Material to process.
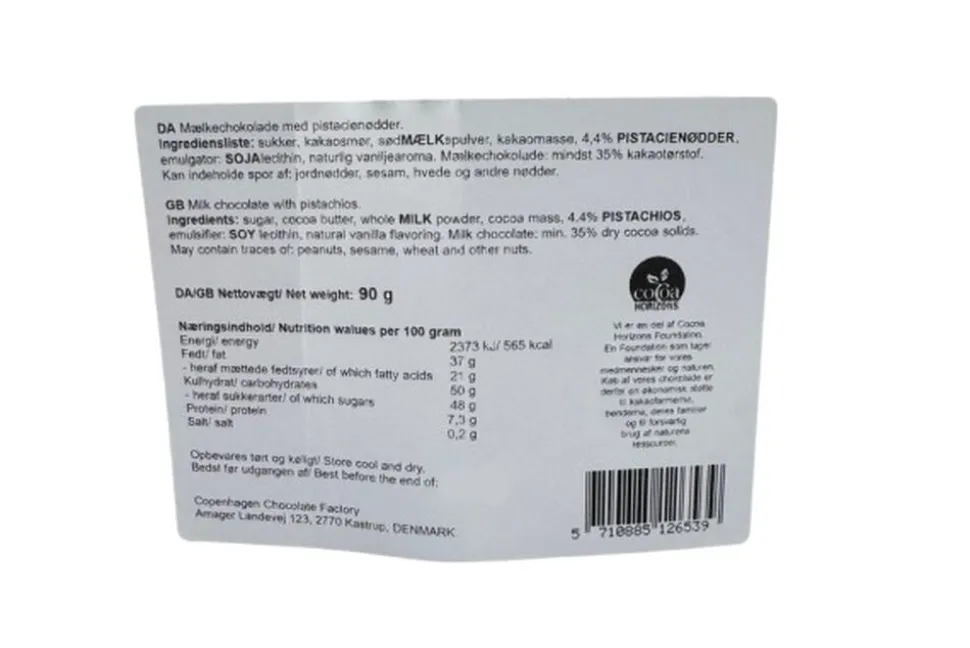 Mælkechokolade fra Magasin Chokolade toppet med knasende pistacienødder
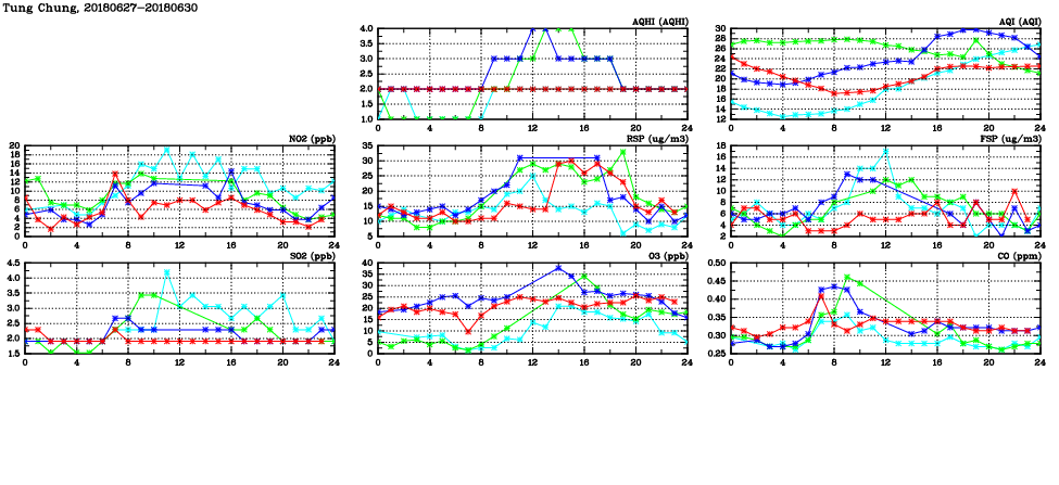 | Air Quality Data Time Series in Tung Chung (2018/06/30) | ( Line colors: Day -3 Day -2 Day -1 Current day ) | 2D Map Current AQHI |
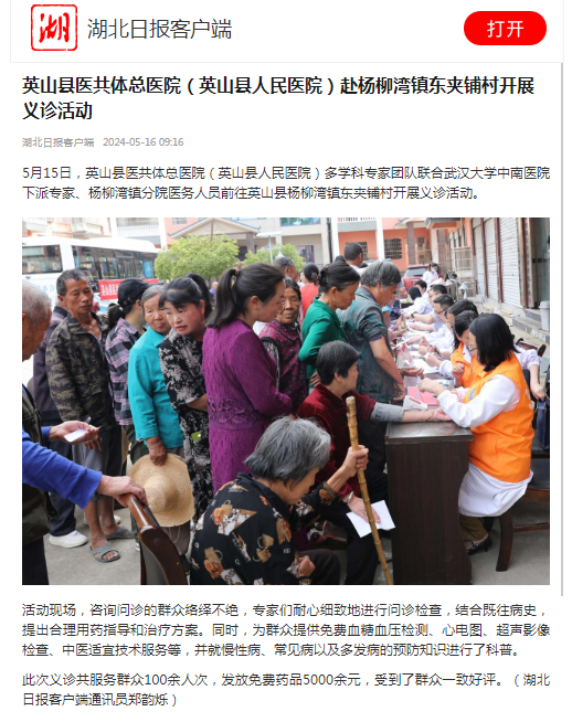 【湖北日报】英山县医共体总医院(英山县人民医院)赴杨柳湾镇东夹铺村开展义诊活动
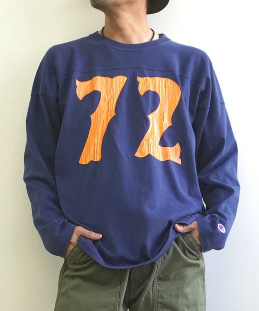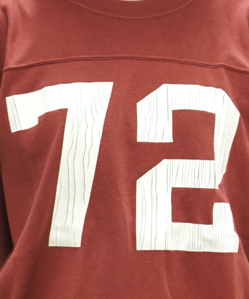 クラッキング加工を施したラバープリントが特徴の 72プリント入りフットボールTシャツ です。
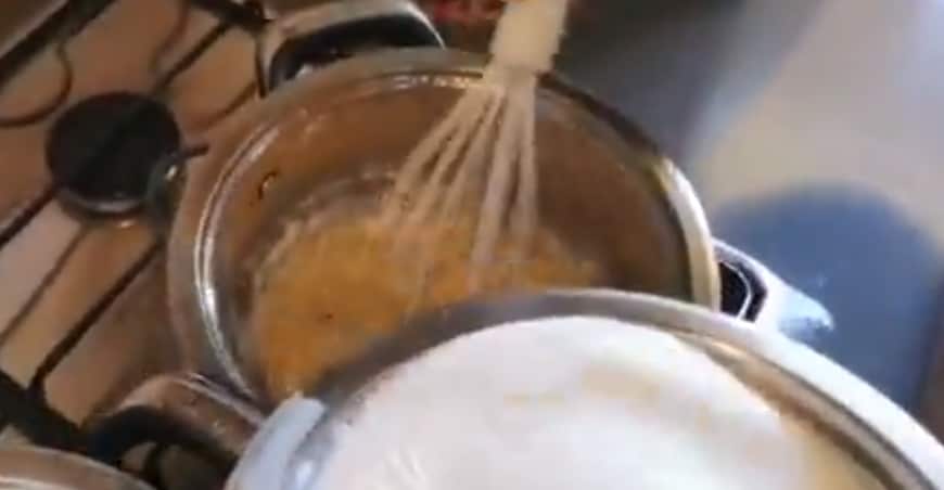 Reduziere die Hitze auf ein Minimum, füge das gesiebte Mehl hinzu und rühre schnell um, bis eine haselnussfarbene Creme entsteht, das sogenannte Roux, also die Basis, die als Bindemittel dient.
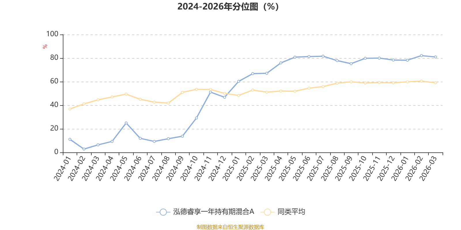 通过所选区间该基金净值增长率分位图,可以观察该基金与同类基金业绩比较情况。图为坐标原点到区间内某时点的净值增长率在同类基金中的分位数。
---
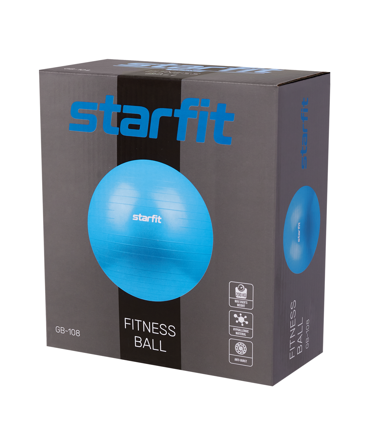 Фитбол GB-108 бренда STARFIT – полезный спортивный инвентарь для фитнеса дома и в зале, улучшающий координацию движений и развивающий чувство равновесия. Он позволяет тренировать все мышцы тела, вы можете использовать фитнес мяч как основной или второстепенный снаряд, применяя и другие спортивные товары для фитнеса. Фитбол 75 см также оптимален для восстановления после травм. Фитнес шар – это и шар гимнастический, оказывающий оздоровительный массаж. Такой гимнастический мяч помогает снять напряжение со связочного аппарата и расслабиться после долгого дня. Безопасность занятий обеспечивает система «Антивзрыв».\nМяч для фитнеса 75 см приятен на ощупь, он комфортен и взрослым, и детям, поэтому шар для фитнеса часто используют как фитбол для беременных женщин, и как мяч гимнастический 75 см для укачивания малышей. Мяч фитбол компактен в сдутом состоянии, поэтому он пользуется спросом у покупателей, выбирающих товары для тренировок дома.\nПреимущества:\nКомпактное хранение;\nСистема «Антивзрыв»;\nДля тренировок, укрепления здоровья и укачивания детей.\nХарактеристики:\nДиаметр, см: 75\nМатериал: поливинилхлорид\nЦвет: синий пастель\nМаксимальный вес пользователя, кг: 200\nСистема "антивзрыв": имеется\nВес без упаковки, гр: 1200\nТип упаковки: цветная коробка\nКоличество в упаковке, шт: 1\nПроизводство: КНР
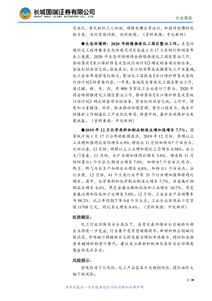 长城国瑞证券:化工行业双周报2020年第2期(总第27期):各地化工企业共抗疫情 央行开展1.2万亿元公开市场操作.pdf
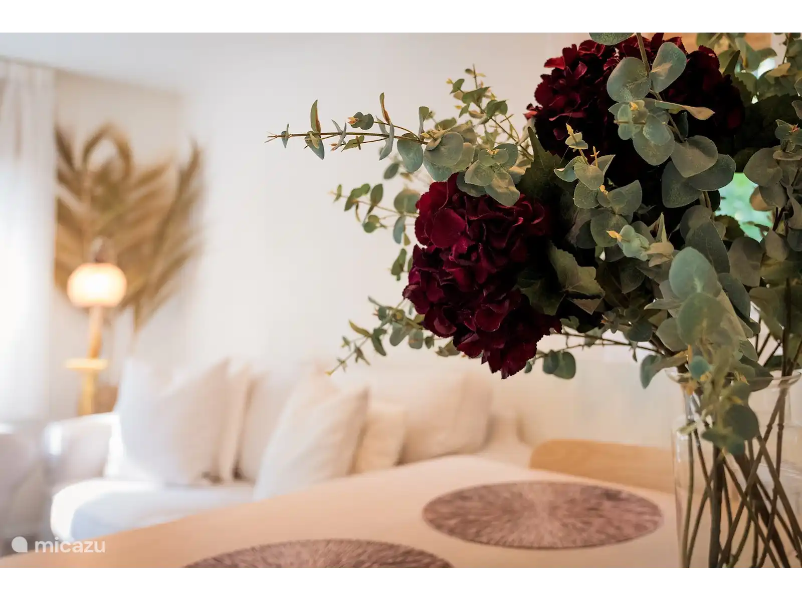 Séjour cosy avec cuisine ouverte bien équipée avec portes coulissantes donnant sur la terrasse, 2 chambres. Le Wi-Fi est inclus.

Goal of the exercise.
Print exactly the lines above that run from the one with "Current AQHI |" down to the one with "クラッキング加工を施したラバープリントが特徴の 72プリント入りフットボールTシャツ です。", and omit the pictures.

Answer section.
 | Air Quality Data Time Series in Tung Chung (2018/06/30) | ( Line colors: Day -3 Day -2 Day -1 Current day ) | 2D Map Current AQHI |
 【湖北日报】英山县医共体总医院(英山县人民医院)赴杨柳湾镇东夹铺村开展义诊活动
 クラッキング加工を施したラバープリントが特徴の 72プリント入りフットボールTシャツ です。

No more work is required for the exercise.